J.R.R. Tolkien and the Necessity of Hope

The myth of “Pandora’s Box” has varied over time. Today it usually means inviting trouble by opening up something best left alone. In one version, what escapes Pandora’s Box (or “jar”) are different expressions of evil to afflict the world. In another version, it is the gods’ gifts to men that are lost. In all of those accounts, however, one item remains in Pandora’s Box: Hope (ἐλπὶς, elpis).

Whether in an ethical, a theological or a political context, the meaning of hope is often ambiguous. Fortunately, J.R.R. Tolkien’s Lord of the Rings provides a useful commentary on hope in his mythic saga, as the author illustrates the concept through his characters. Indeed, references to hope are surprisingly prominent in Tolkien’s magnum opus, occurring almost five-hundred times throughout the story.

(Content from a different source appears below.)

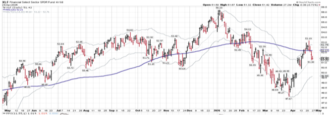 The S&P 500’s April surge looks narrow and speculative rather than healthy and durable. The index rallied 9.3% in April to a new all‑time high, but the largest 15 technology names alone contributed roughly 7 percentage points of that gain—about three‑quarters of the move—which underscores how dependent the rally has become on a very small group of AI stocks. Tech was also the only sector to set a new high alongside the index, while key cyclical areas like financials remain stuck below their 200‑day moving averages, a troubling signal given that a healthy financial sector is usually critical for sustainable economic growth.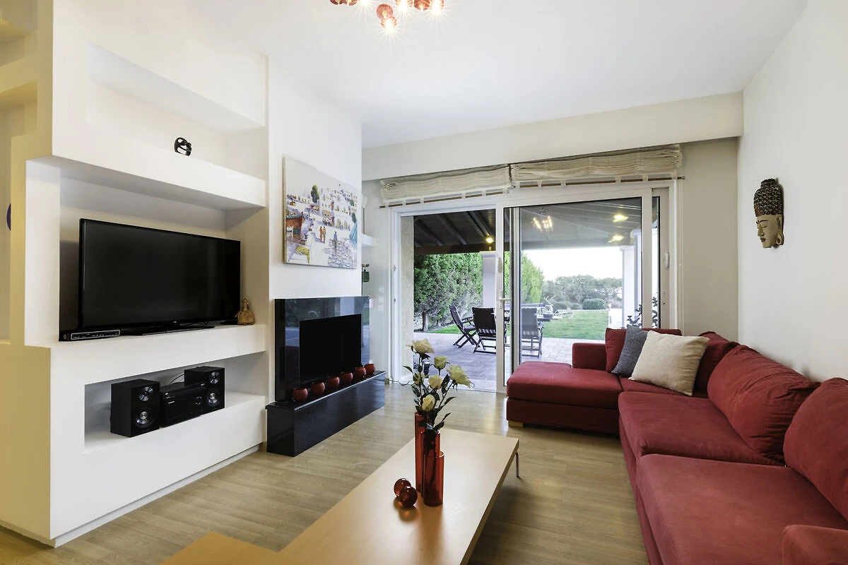 Waschmaschine, Klimaanlage, Terrasse(alleinige Nutzung), Garten(alleinige Nutzung, 1200 m2), Gartenmöbel, Liegen, Grill, Parkplatz, Sonnenschirm, Pool(alleinige Nutzung, 8 x 4 m.), Tischtennisplatte, Kinderbett, Bügelbrett, Bügeleisen, Föhn

Two types of hope appear in LOTR: false hope and genuine hope. The danger of the former is recognized a number of times in the story. For example, pausing with Aragorn during the Battle of the Pelennor Fields, Éomer observes that “hope oft deceives.” After learning that Frodo and Sam have traveled alone by way of the treacherous pass of Cirith Ungol, a troubled Gandalf admits to Pippin, “There never was much hope . . . Just a fool’s hope, as I have been told.” The hope that beguiles and leads to despair is best represented by Denethor, the Steward of Gondor. After Faramir is carried back critically wounded from the attack on Osgiliath, Denethor bitterly complains, “The fool’s hope has failed. The Enemy has found it, and now his power waxes; he sees our very thoughts and all we do is ruinous.”